Compile times increase superlinearly with program size. How many cycles and deve...

alxlaz · on Oct 11, 2020

Looking at things like e.g. https://git.kernel.org/pub/scm/linux/kernel/git/torvalds/lin... , this is very obviously specific to the underlying hardware's control model in all sorts of ways. If the hardware has a gazillion control registers, then the software will have to handle a gazillion registers and will therefore need several gazillion definitions in order to do it. The hardware won't get any simpler just because it takes a long time to compile the driver.

barumi · on Oct 11, 2020

> Compile times increase superlinearly with program size. How many cycles and developer hours are wasted if this duplication is not necessary?

Care to weight in the impact on developer hours and cycles of having to debug problems caused in how the autogenerated headers are created?

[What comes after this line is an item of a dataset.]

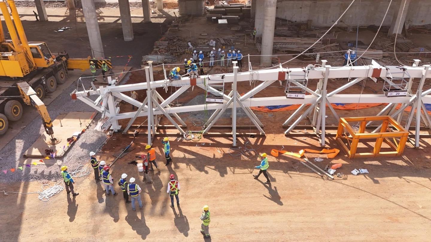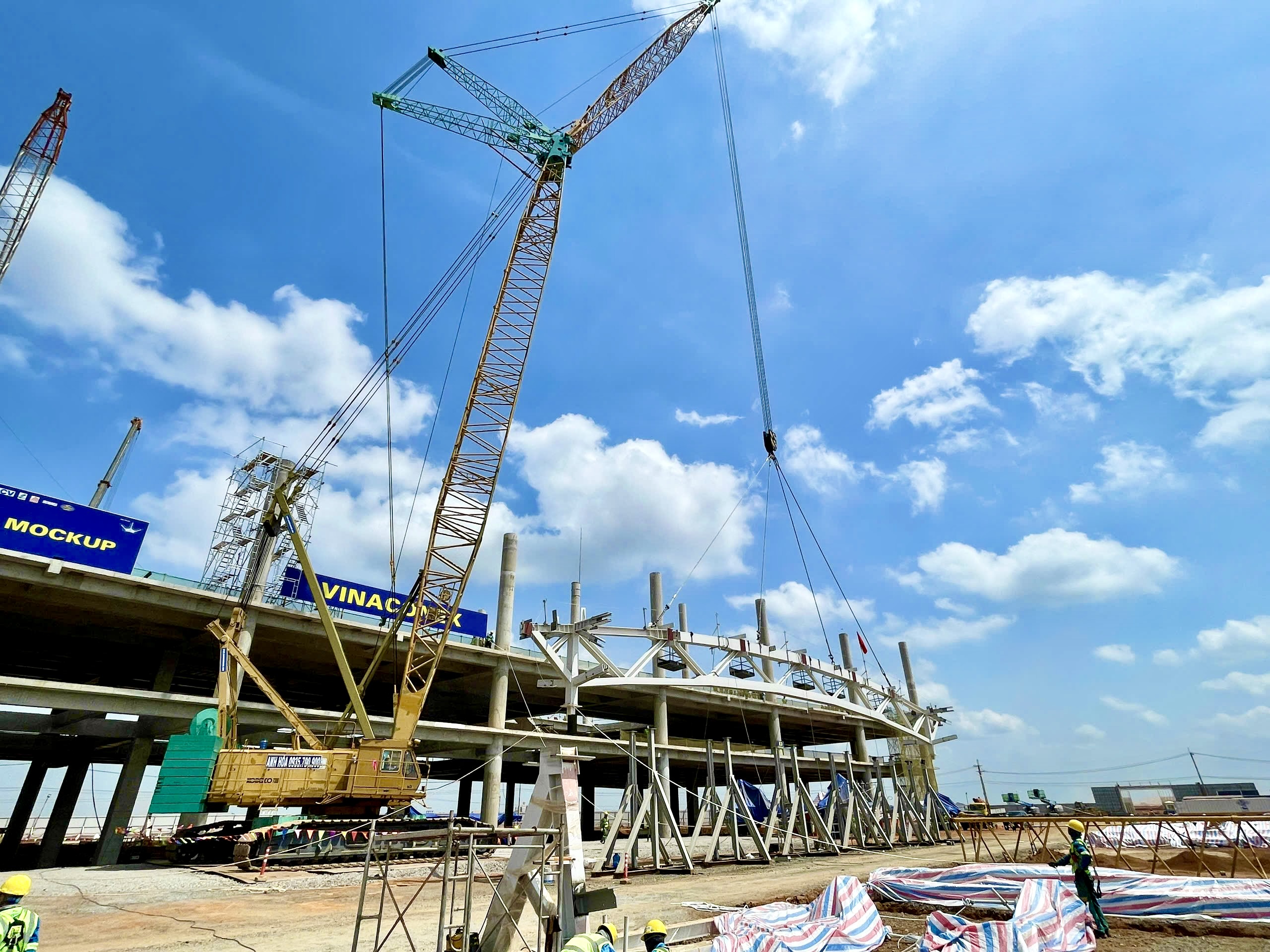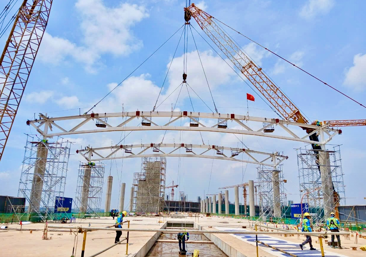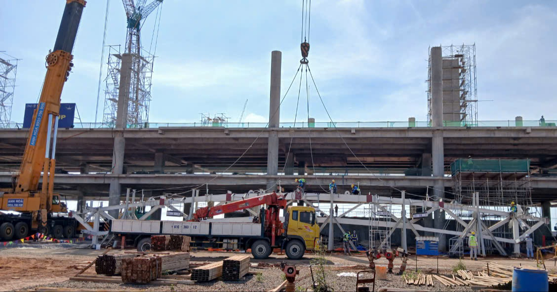 Đây là giai đoạn quan trọng khi liên danh nhà thầu đã cho cất nóc, lắp dựng kết cấu thép mái nhà ga, tạo nên dấu ấn cuối cùng trước khi công trình hoàn thiện.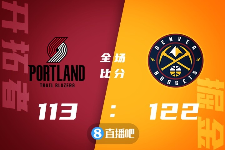 比赛上来,双方就迅速进入到对攻战,场上比分交替领先,次节双方依旧攻势不减,约基奇半场8中8拿到21分,而利拉德同样是状态火热爆砍30分,在两人的带领下分差始终没能拉开,半场结束时掘金领先6分;下半场开拓者的命中率开始下降,掘金把握住机会成功将分差拉开到了两位数,末节开拓者也没有获得迫近比分的机会,分差反而越拉越大,最终掘金122-113轻取开拓者迎来七连胜。

If the code is not expected to change and was already subjected to verification and validation, ensuring that it stays the same is a good way to avoid wasting time tracking bugs on code paths that assuredly were already verified.

mcguire · on Oct 11, 2020

"Compile times increase superlinearly with program size."

I've seen this said a couple of times lately. What is the source?

tylerhou · on Oct 11, 2020

The other time that you saw it was also probably me. It's from this talk, which is about how a large amount of generated protocol buffer code at Google led to a quadratic increase in compile times: https://youtu.be/rHIkrotSwcc?t=720.

TL;DW: The reasoning is because if you use a distributed build system, then your compile time is gated by the file with the longest compile time (tail latency). The more files you have, the greater chance that one of them takes a long time. When you generate source files, you tend to produce more files than if you didn't.

Most users don't use a distributed build system to compile the kernel, so on further thought, in that case compile times probably scale closer to linear with the number of translation units. But wasted cycles are still wasted cycles, and regardless of how exactly compile times scale, you should still consider the cost of longer compile times when you duplicate code.

With regards to link time optimization: sophisticated analyses take superlinear complexity: https://cs.stackexchange.com/questions/22435/time-complexity....

Disclaimer: I work at Google.

jcranmer · on Oct 11, 2020

Not knowing the context of the quote, I can guess a few causes:

* Compiler optimizations mostly work on a per-function basis, so that the 'n' in O(n) or O(n²) is the size of a function and not the size of the entire codebase. Not all optimization algorithms are linear, and while good superlinear optimizations should have code threshold cutoffs, in practice these may be omitted. Function sizes follow something like a power law distribution, which means larger code bases contain larger functions that are more expensive to optimize.

* For C/C++, you compile code by pasting all the header definitions into your translation unit, and feeding that to the actual lexer/parser/codegen. Larger projects are probably going to have correspondingly larger headers, and files will probably include more of them, so that the actual translation unit sizes are going to be larger even than the on-disk source files would indicate.

* This is more speculative, but larger projects are also probably likelier to blow out the various caches on your computer, so that the operations you figure are O(1) (such as hashtable lookup!) are actually more like O(lg N) in practice. And as you get larger projects that are less likely to fit any cache, the effect of the non-constant time becomes more apparent.

saagarjha · on Oct 11, 2020

Internal compiler datastructures and the need to keep more things in memory?

jchw · on Oct 11, 2020

This particular thought thread is about more translation units, not larger translation units. I can't see why those would not mostly scale linearly.

tylerhou · on Oct 11, 2020

Tail latency. See my other comment (https://news.ycombinator.com/item?id=24749000).

rational_indian · on Oct 11, 2020

Are you saying C compilers are O(n)?

barumi · on Oct 11, 2020

> Are you saying C compilers are O(n)?

OP asked for sources that substantiated a technical claim. No assertion was given.

Unless you have a source that either supports or refutes the claim, trying to deflect the question does nothing to address the problem.

formerly_proven · on Oct 11, 2020

I very much expect O(n) compilation of stuff like array declarations, enums, CPP macro definitions and so forth. What else would it be?

FartyMcFarter · on Oct 11, 2020

They may well be, provided one stays away from bad patterns such as humongous complex functions?